To update the failure domain of a cluster member, use the `lxc cluster edit <member>` command and change the `failure_domain` property from `default` to another string.

(clustering-member-config)=
### Member configuration

LXD cluster members are generally assumed to be identical systems.
This means that all LXD servers joining a cluster must have an identical configuration to the bootstrap server, in terms of storage pools and networks.

To accommodate things like slightly different disk ordering or network interface naming, there is an exception for some configuration options related to storage and networks, which are member-specific.

When such settings are present in a cluster, any server that is being added must provide a value for them.
Most often, this is done through the interactive `lxd init` command, which asks the user for the value for a number of configuration keys related to storage or networks.

Those settings typically include:

- The source device and size for a storage pool
- The name for a ZFS zpool, LVM thin pool or LVM volume group
- External interfaces and BGP next-hop for a bridged network
- The name of the parent network device for managed `physical` or `macvlan` networks

See {ref}`cluster-config-storage` and {ref}`cluster-config-networks` for more information.

If you want to look up the questions ahead of time (which can be useful for scripting), query the `/1.0/cluster` API endpoint.
This can be done through `lxc query /1.0/cluster` or through other API clients.

## Images

By default, LXD replicates images on as many cluster members as there are database members.
This typically means up to three copies within the cluster.

You can increase that number to improve fault tolerance and the likelihood of the image being locally available.
To do so, set the [`cluster.images_minimal_replica`](server) configuration.
The special value of `-1` can be used to have the image copied to all cluster members.

(cluster-groups)=
## Cluster groups

In a LXD cluster, you can add members to cluster groups.
You can use these cluster groups to launch instances on a cluster member that belongs to a subset of all available members.
For example, you could create a cluster group for all members that have a GPU and then launch all instances that require a GPU on this cluster group.

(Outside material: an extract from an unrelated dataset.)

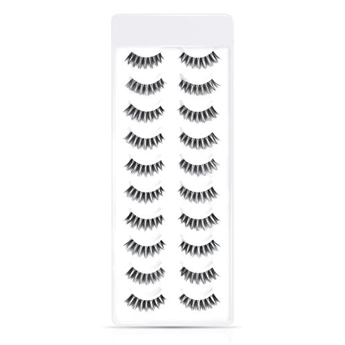 EMEDA Ciglia Finte Naturali 10 paia Banda Trasparente 100% Fatta a Mano Ciglia Naturali Ciglia Morbide e Wispy Risuonabili Natural False Lashes Mulipack Fake Eyelashes (DEMI)

By default, all cluster members belong to the `default` group.

See {ref}`howto-cluster-groups` and {ref}`cluster-target-instance` for more information.

(clustering-assignment)=
## Automatic assignment of instances

In a cluster setup, each instance lives on one of the cluster members.
When you launch an instance, you can target it to a specific cluster member, to a cluster group or have LXD automatically assign it to a cluster member.

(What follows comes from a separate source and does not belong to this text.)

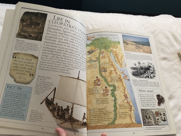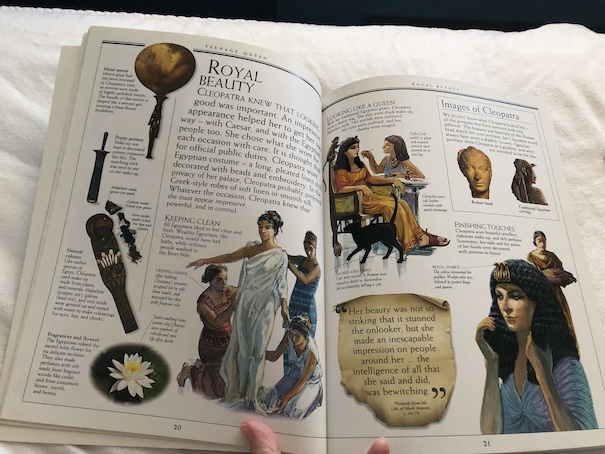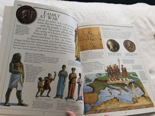 This particular book is about the life of Cleopatra, the famous Egyptian queen. The queen we know as simply Cleopatra was actually Cleopatra VII. She was part of a dynasty of Egyptian rulers who were originally from Macedonia, a region of Greece. This dynasty was known as the Ptolemaic Dynasty because all of the kings in the dynasty were named Ptolemy, including Cleopatra’s father, Ptolemy XII. There were certain names that were repeated in every generation of the family and even within generations, like Ptolemy (Cleopatra’s two brothers both had this name), Cleopatra (Cleopatra also had a sister who was also named Cleopatra), and Arsinoe (Cleopatra’s younger sister). The book doesn’t fully explain why they came from Macedonia, but one of Cleopatra’s ancestors, Ptolemy I, was a Macedonian nobleman and a friend of Alexander the Great. Ptolemy I went with Alexander the Great on his military campaigns. Through his service to Alexander the Great, Ptolemy I was made the Greek governor of Egypt, ruling from the city Alexandria, which had been established by Alexander the Great. Alexandria was an important port city as well as the seat of the royal family. It was a gathering place of traders, scholars, and people from different cultures in Egypt, although average Egyptian citizens viewed it more as city of foreigners, just as the royal family itself was also foreign. That’s an abbreviated explanation of the family’s history, but it helps to understand that, while the family ruled Egypt for generations, they remained culturally Greek. The book mentions that most of the members of Cleopatra’s family only spoke Greek and that Cleopatra departed from the norm by learning to speak Egyptian.

By default, the automatic assignment picks the cluster member that has the lowest number of instances.
If several members have the same amount of instances, one of the members is chosen at random.

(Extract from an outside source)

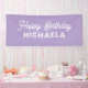 Custom purple birthday party banners with white text bring a fun and stylish touch to any celebration, featuring a soft lavender background paired with elegant script and bold retro lettering for the personalised name. This eye-catching birthday banner is perfect for girls' parties, teen celebrations, or whimsical adult gatherings, adding a playful yet polished look to party decor. The combination of a modern pastel colour palette and vintage-inspired typography makes this design ideal for decorating dessert tables, photo booth backdrops, or entrance walls. A beautiful choice for anyone looking for a personalised lavender birthday banner with a fresh and charming aesthetic.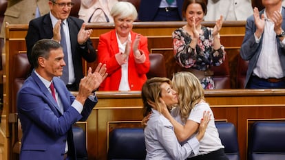 El primer paso en la aprobación parlamentaria de la primera ley de vivienda de la democracia retrató un marcador a favor de regular y limitar la subida de los precios de los alquileres, por parte de la mayoría progresista de esta legislatura y con la oposición de la derecha y la división del nacionalismo. También ha dejado este jueves otra imagen simbólica dentro de la coalición en el Gobierno: la bancada del PSOE sí se levantó esta vez tras el debate para aplaudir elocuentemente a la ministra de Fomento, Raquel Sánchez, de su partido; la de Unidas Podemos, sentada, aplaudió el éxito de la norma y a su representante en el Ejecutivo, Ione Belarra. Nada que ver con el escenario observado la semana pasada en el mismo hemiciclo para corregir la llamada ley del solo sí es sí. La ley prosperó en cualquier caso con el apoyo de 176 votos: los del PSOE, Unidas Podemos, ERC y EH Bildu. La derecha y varios partidos nacionalistas —vascos y catalanes— la rechazaron porque argumentan que no arregla el problema de la vivienda e invade competencias autonómicas.

However, you can control this behavior with the [`scheduler.instance`](cluster-member-config) configuration option:

- If `scheduler.instance` is set to `all` for a cluster member, this cluster member is selected for an instance if:

   - The instance is created without `--target` and the cluster member has the lowest number of instances.
   - The instance is targeted to live on this cluster member.
   - The instance is targeted to live on a member of a cluster group that the cluster member is a part of, and the cluster member has the lowest number of instances compared to the other members of the cluster group.

- If `scheduler.instance` is set to `manual` for a cluster member, this cluster member is selected for an instance if:

   - The instance is targeted to live on this cluster member.

- If `scheduler.instance` is set to `group` for a cluster member, this cluster member is selected for an instance if:

   - The instance is targeted to live on this cluster member.
   - The instance is targeted to live on a member of a cluster group that the cluster member is a part of, and the cluster member has the lowest number of instances compared to the other members of the cluster group.